🤖 AI Summary
Existing surgical datasets typically treat egocentric and exocentric viewpoints in isolation, hindering comprehensive understanding of surgical activities. To address this, we introduce the first multimodal spinal surgery dataset integrating egocentric video from wearable glasses with exocentric RGB-D and ultrasound modalities, capturing 94 minutes of real-world procedures. It features fine-grained scene graph annotations—568,235 triplets across 36 entity classes and 22 relation types—and 84,553 frames of temporally synchronized multimodal data. We propose a deep egocentric–exocentric coupling acquisition paradigm, a clinically grounded scene graph annotation standard emphasizing surgical interactions, and establish the first multimodal joint-reasoning benchmark for surgical perception. On scene graph generation, our benchmark enables significant performance gains over adapted state-of-the-art models. This work lays a foundational resource for surgical action recognition and human-robot collaborative perception.
📝 Abstract
Operating rooms (ORs) demand precise coordination among surgeons, nurses, and equipment in a fast-paced, occlusion-heavy environment, necessitating advanced perception models to enhance safety and efficiency. Existing datasets either provide partial egocentric views or sparse exocentric multi-view context, but do not explore the comprehensive combination of both. We introduce EgoExOR, the first OR dataset and accompanying benchmark to fuse first-person and third-person perspectives.
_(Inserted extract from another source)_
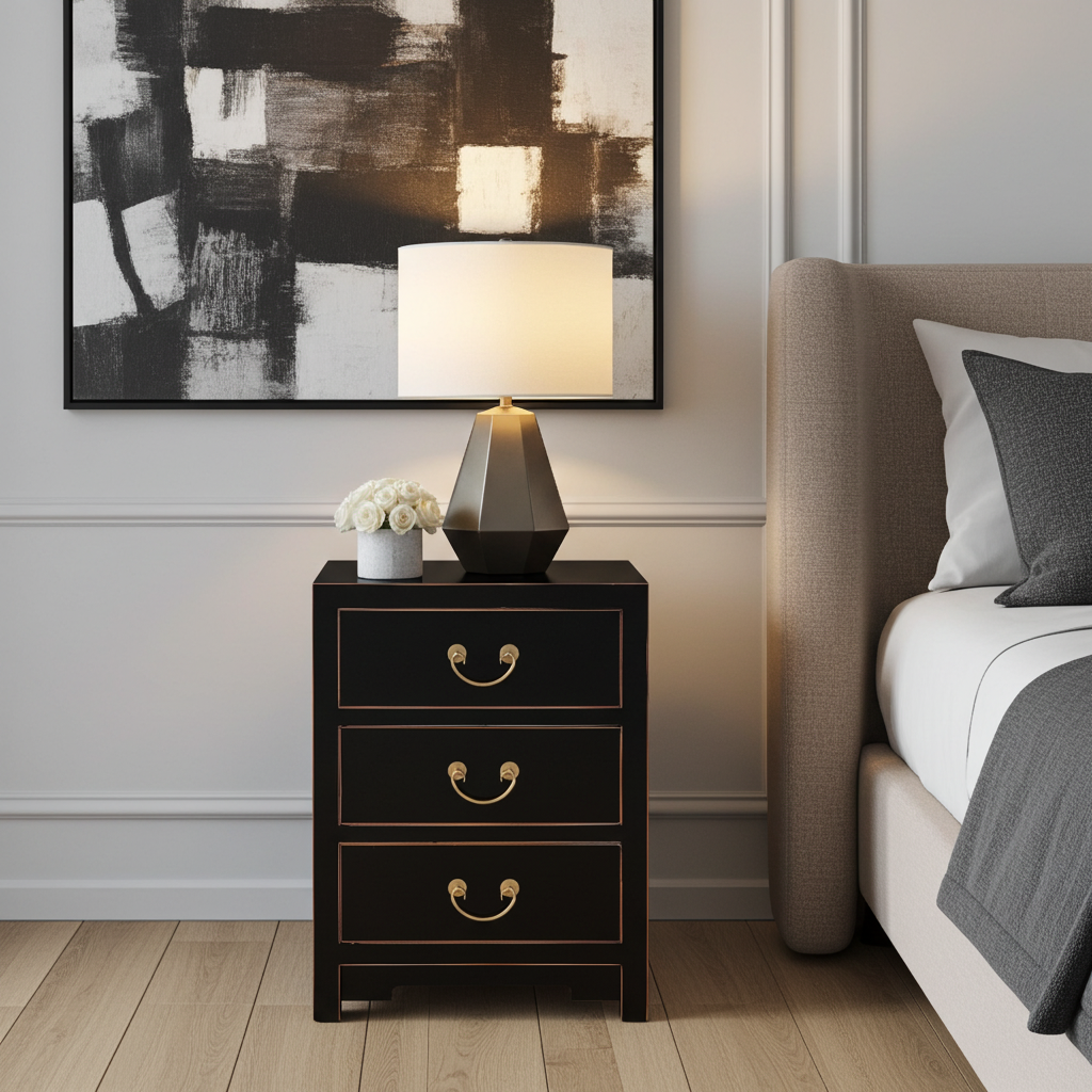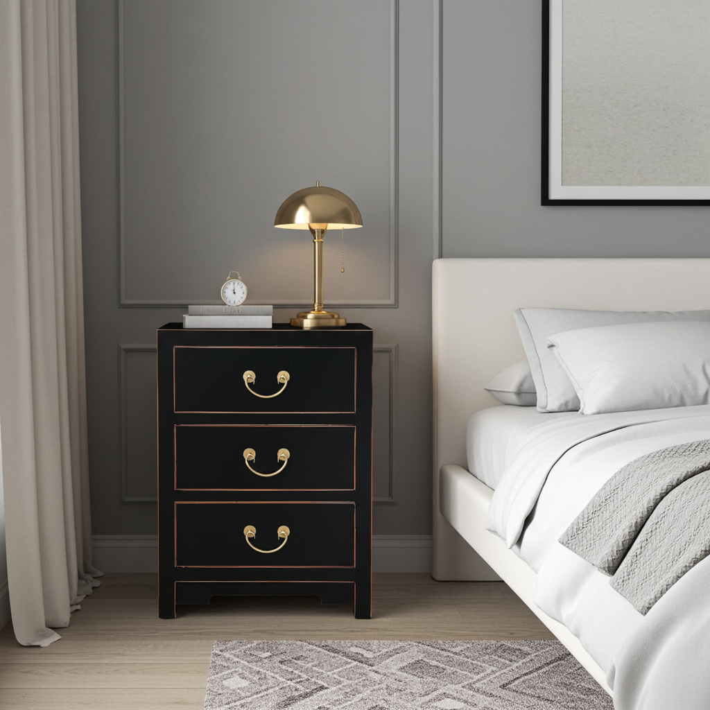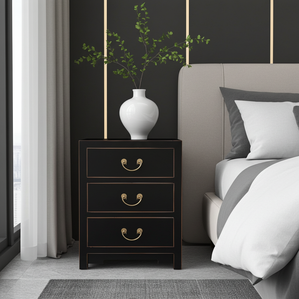 This Oriental bedside table is perfect as an Asian side table or as a charming small Chinese cabinet. This Asian accent table is a space-saving addition to any room. The versatility of this Chinese end table allows it to effortlessly complement various interior styles, offering endless possibilities for creative and elegant styling.

Spanning 94 minutes (84,553 frames at 15 FPS) of two emulated spine procedures, Ultrasound-Guided Needle Insertion and Minimally Invasive Spine Surgery, EgoExOR integrates egocentric data (RGB, gaze, hand tracking, audio) from wearable glasses, exocentric RGB and depth from RGB-D cameras, and ultrasound imagery. Its detailed scene graph annotations, covering 36 entities and 22 relations (568,235 triplets), enable robust modeling of clinical interactions, supporting tasks like action recognition and human-centric perception. We evaluate the surgical scene graph generation performance of two adapted state-of-the-art models and offer a new baseline that explicitly leverages EgoExOR's multimodal and multi-perspective signals. This new dataset and benchmark set a new foundation for OR perception, offering a rich, multimodal resource for next-generation clinical perception.